Comparisons are intensive therapy vs. standard therapy.

Primary Outcomes

  • Patients clinically cured at day 10.
       -Symptoms >10 days: 29 of 100 (29%) for amoxicillin vs 36 of 107 (33.6%) for no amoxicillin (AOR, 0.99; 95% CI, 0.57-1.73). 
       -Symptoms >10 days: 32 of 102 (31.4%) for topical budesonide vs 33 of 105 (31.4%) for no budesonide (AOR, 0.93; 95% CI, 0.54-1.62).
       -Amoxicillin vs placebo (hazard ratio for resolution, 1.08 [95% CI, 0.79-1.48]; P = .63) 
       -Budesonide vs placebo (hazard ratio, 1.05 [95% CI, 0.77-1.44]; P = .75).


Secondary Outcomes

  • Nasal steroids were significantly more effective in patients who had less severe symptoms when presented at the physician’s office.


Subgroup Analysis

  • There were no clinically relevant subgroups presented in the study that would have impacted the outcome.

Adverse Events

  • No adverse events or hospitalization were encountered in the study.


Criticisms

  • There was a low recruitment rate for the study.
  • Diagnostic criteria were strict and many patients initially screened failed to meet those criteria.
  • The study had limited power to detect any clinical effects of an antibiotic.
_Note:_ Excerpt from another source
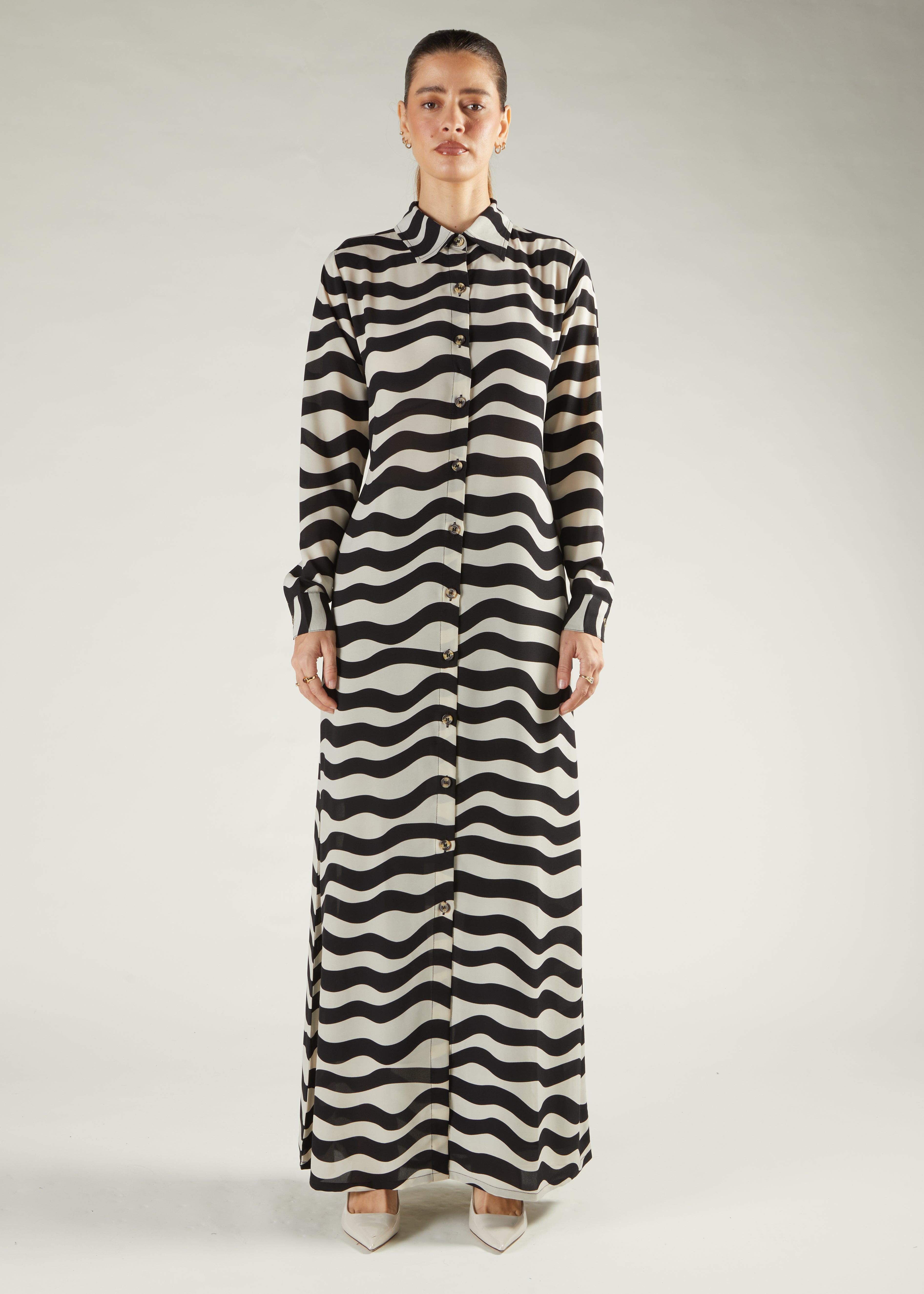 This maxi dress has a monochromatic print made from lightweight fluid fabric. Perfect for formal wear or casual occasions. It features standard collars, discreet side pockets, self-fabric belt and a button opening all the way down. Upper maxi has a fitted silhouette and if you prefer a looser fit you may wish to size up.

Minor improvements in symptoms were not included in the clinical analysis and, therefore, were not observed.
  • Excessive work pressure on busy family physicians posed an additional obstacle to recruitment for this study.
  • This study has limited external validity due to strict and highly specific exclusion criteria.


Funding

  • The study was funded and supported by the UK Department of Health.

Further Reading

1. Williamson I, Rumsby K, Benge S, Moore M, Smith P, Cross M et al. Antibiotics and Topical Nasal Steroid for Treatment of Acute Maxillary Sinusitis. JAMA. 2007;298(21):2487(1).